I have seen them in small pet stores for the past few months, but I know Petco recently got them in! It's bright orange and the packaging is orange and black. Hard to miss. Definitely would check it out


----------



## NutroGeoff (May 15, 2013)

stbernardlover said:


> I have seen them in small pet stores for the past few months, but I know Petco recently got them in! It's bright orange and the packaging is orange and black. Hard to miss. Definitely would check it out


Oh yeah I have seen those! I have been looking at those for Baxter for a while now. Your dog likes that one?


----------



## Sprocket (Oct 4, 2011)

Gunners favorite is the laser pointer. We have 2 and I once MOVED one over in the closet to get to something else. He heard it and JUMPED UP waiting for me to play with it. I didn't even pick it up and I hadn't used it in MONTHS but he knew...oh he knew.

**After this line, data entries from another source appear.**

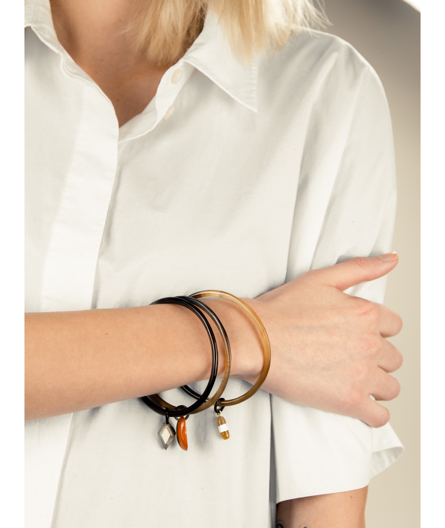 We offer 2 sizes according to the inside diameter of our bracelets and cuffs. Please pay attention to the width of the bracelet or cuffs when you choose the size. You may need a bigger size to be able to put on a wide bracelet or cuffs, than you would with a thin one.
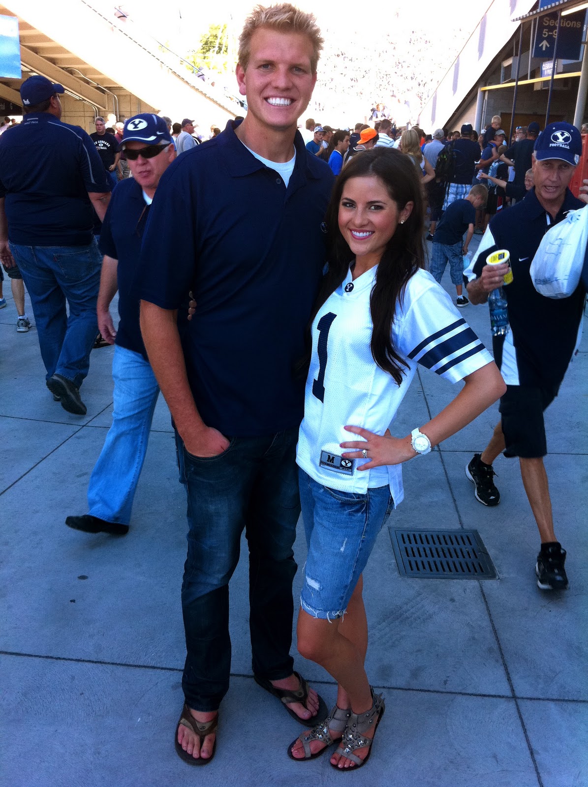We had so much fun on Saturday! We started off the day bright and early at a 5k run held for a lady in Drews parents ward who has lung cancer. It was so cool to be apart of the support group for her. Later, we passed out hot dogs at the BYU tail gate party to promote Advance Insurance, the insurance company that Drews dads owns. Then it was off to the game, sadly the cougars lost but it was still so much fun!! :)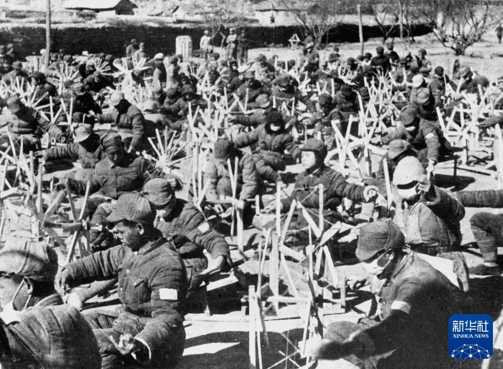 八路军战士坐在纺纱车前纺纱。新华社发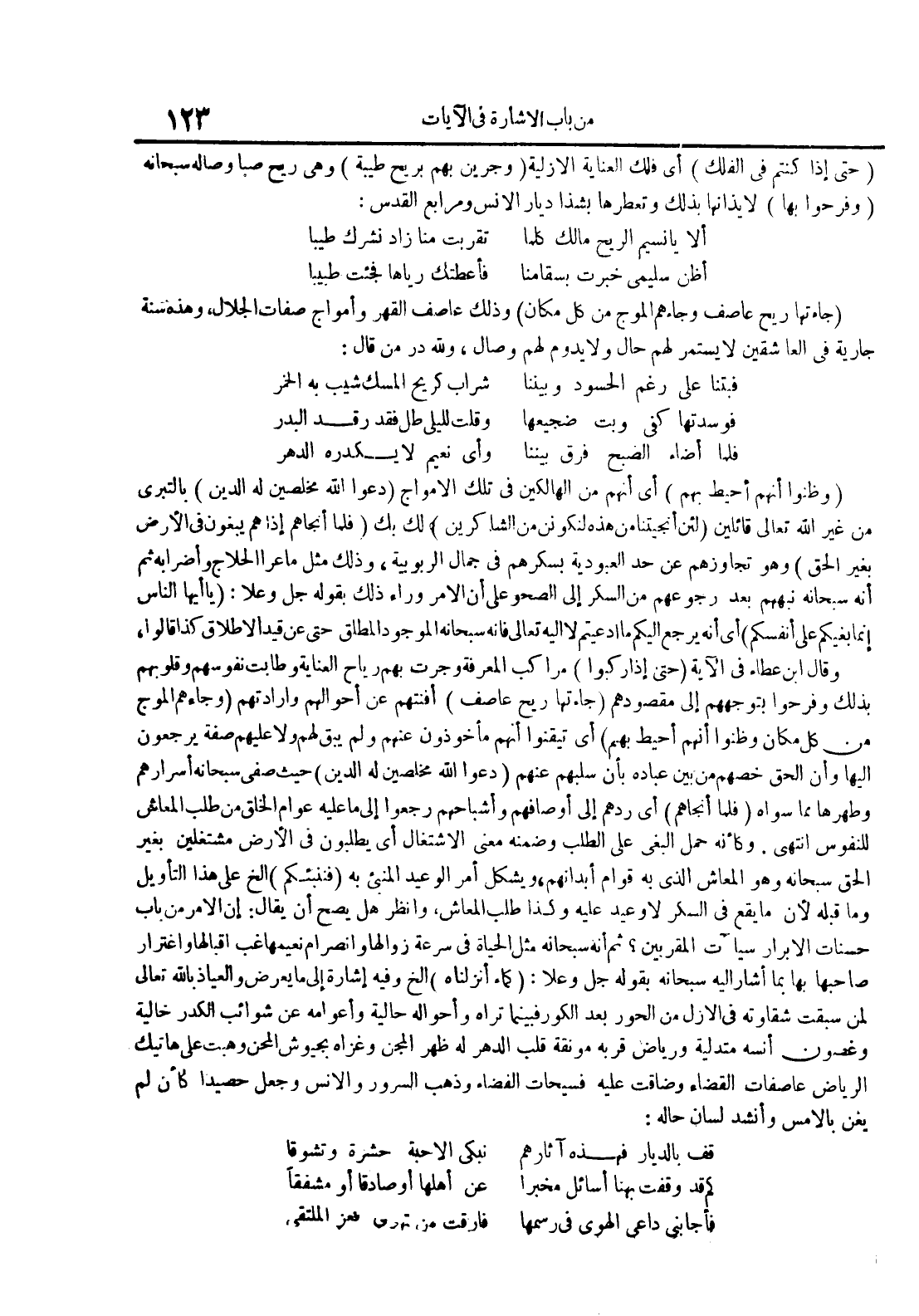 حتى إذا كنتم في الفلك أي فلك العناية الأزلية وجرين بهم بريحطيبة وهي ريح صبا وصاله سبحانه وفرحوا بها لإيذانها بذلك وتعطرهابشذا ديار الأنس ومرابع القدس : ألا يا نسيم الريح مالك كلما تقربت منا زاد نشرك طيبا أظن سليمي خبرت بسقامنا فأعطتك رياها فجئت طبيبا جاءتها ريح عاصف وجاءهم الموج من كل مكان وذلك عاصف القهر وأمواج صفات الجلال وهذه سنة جارية في العاشقين لا يستمر لهم حال ولا يدوملهم وصال ولله در من قال : فبتنا على رغم الحسود وبيننا شراب كريح المسك شيب به الخمر فوسدتها كفى وبت ضجيعها وقلت لليلي طل فقد رقد البدر فلما أضاء الصبح فرق بيننا وأي نعيم لا يكدره الدهر وظنوا أنهم أحيط بهم أي أنهم من الهالكين في تلك الأمواج دعواالله مخلصين له الدين بالتبري من غير الله تعالى قائلين لئنأنجيتنا من هذه لنكونن من الشاكرين لك بك فلما أنجاهم إذا هم يبغونفي الأرض بغيرالحق وهو تجاوزهم عن حد العبودية بسكرهم في جمالالربوبية وذلك مثل ما عر الحلاج وإضرابه ثم أنه سبحانه نبههم بعد رجوعهم من السكر إلى الصحو على أن الأمر وراء ذلك بقوله جل وعلا : يا أيها الناس إنما بغيكم على أنفسكم أي أنه يرجع إليكم ما إدعيتم لا إليه تعالى فإنه سبحانه الموجود المطلق حتى عن قيد الإطلاق كذا قالوا وقال ابن عطاء في الآية حتى إذا ركبوا مراكب المعرفة وجرت بهم رياح العناية وطابت نفوسهم وقلوبهم بذلك وفرحوا بتوجههم إلىمقصودهم جاءتها ريح عاصف أفنتهم عن أحوالهم وإرادتهم وجاءهم الموج من كل مكان وظنوا أنهم أحيط بهم أي تيقنوا أنهم مأخوذون عنهم ولم يبق لهم ولا عليهم صفة يرجعون إليها وأن الحق خصهم من بينعباده بأن سلبهم عنهم دعوا الله مخلصين له الدين حيث صفى سبحانه أسرارهم وطهرها مما سواه فلما أنجاهم أي ردهم إلى أوصافهم أشباحه رجعوا إلى ما عليه عوام الخلق من طلب المعاش للنفوس إنتهى وكأنه حمل البغي على الطلب وضمنه معنى الإشتغال أي يطلبون في الأرض مشتغلين بغير الحق سبحانه وهو المعاش الذي به قوام أبدانهم ويشكلأمر الوعيد المنبئ به فننبئكم إلخ على هذا التأويل وما قبله لأنما يقع في السكر لا وعيد عليه وكذا طلب المعاش وانظر هل يصح أن يقال : إن الأمر من باب حسنات الأبرار سيآت المقربين ثم أنه سبحانه مثل الحياة في سرعة زوالها وإنصرام نعيمها غب إقبالها وإغترار صاحبها بها بما أشار إليه سبحانه بقوله جل وعلا : كماء أنزلناه إلخ وفيه إشارة إلى ما يعرض والعياذ بالله تعالى لمن سبقت شقاوته في الأزل من الحور فبينما تراه وأحواله حالية وأعوامه عن شوائب الكدر خاليةوغصون أنسه متدلية ورياض قربه مونقة قلب الدهر له ظهر المجن وغزاهبجيوش المحن وهبت على هاتيك الرياض عاصفات القضاء وضاقت عليه فسيحات الفضاء وذهب السرور والإنس وجعل حصيدا كأن لم يغن بالأمس ونشد لسانحاله : قف بالديار فهذه آثارهم نبكي الأحبة حشرة وتشوقا كم قد وقفت بهنا أسائل مخبرا عن أهلها أو صادقا أو مشفقا فأجابني داعي الهوى في رسمها فارقت من تهوي فعز الملتقى

This is him waiting for it the other night.


----------



## Sprocket (Oct 4, 2011)

Sprockets favorite is any ball, really any ball that you throw. Jody loves the chuck it and Mikey likes his soft alligator.


----------



## TheHiddenAngel (Apr 5, 2014)

Charlie loves anything he can play tug with. Rope, etc.


----------



## NutroGeoff (May 15, 2013)

Sprocket said:


> Gunners favorite is the laser pointer. We have 2 and I once MOVED one over in the closet to get to something else. He heard it and JUMPED UP waiting for me to play with it. I didn't even pick it up and I hadn't used it in MONTHS but he knew...oh he knew.
> 
> This is him waiting for it the other night.
> 
> View attachment 10858


I saw these leashes at Petsmart that had a laser pointer attached to them. Haha. It was so funny!


----------



## NutroGeoff (May 15, 2013)

Sprocket said:


> Sprockets favorite is any ball, really any ball that you throw. Jody loves the chuck it and Mikey likes his soft alligator.


Yeah Baxter loves anything thrown. Haha. As long as he can chase after it he is happy. Haha.


----------



## Piglet44 (Feb 16, 2013)

Laser Pointers are a god send in the winter time. We both get to stay inside warm and dry that way and can still run Gir around the house enough to get him panting and wear him out a little.

Rope toys or any tug toys are some of Gir's favourite but unless you are related to Hercules its impossible to play tug of war with a Staffy for very long without getting a dislocated shoulder.


----------



## NutroGeoff (May 15, 2013)

Piglet44 said:


> Laser Pointers are a god send in the winter time. We both get to stay inside warm and dry that way and can still run Gir around the house enough to get him panting and wear him out a little.
> 
> Rope toys or any tug toys are some of Gir's favourite but unless you are related to Hercules its impossible to play tug of war with a Staffy for very long without getting a dislocated shoulder.


I found that the laser pointer works really well on my little brother too! Hahaha.


----------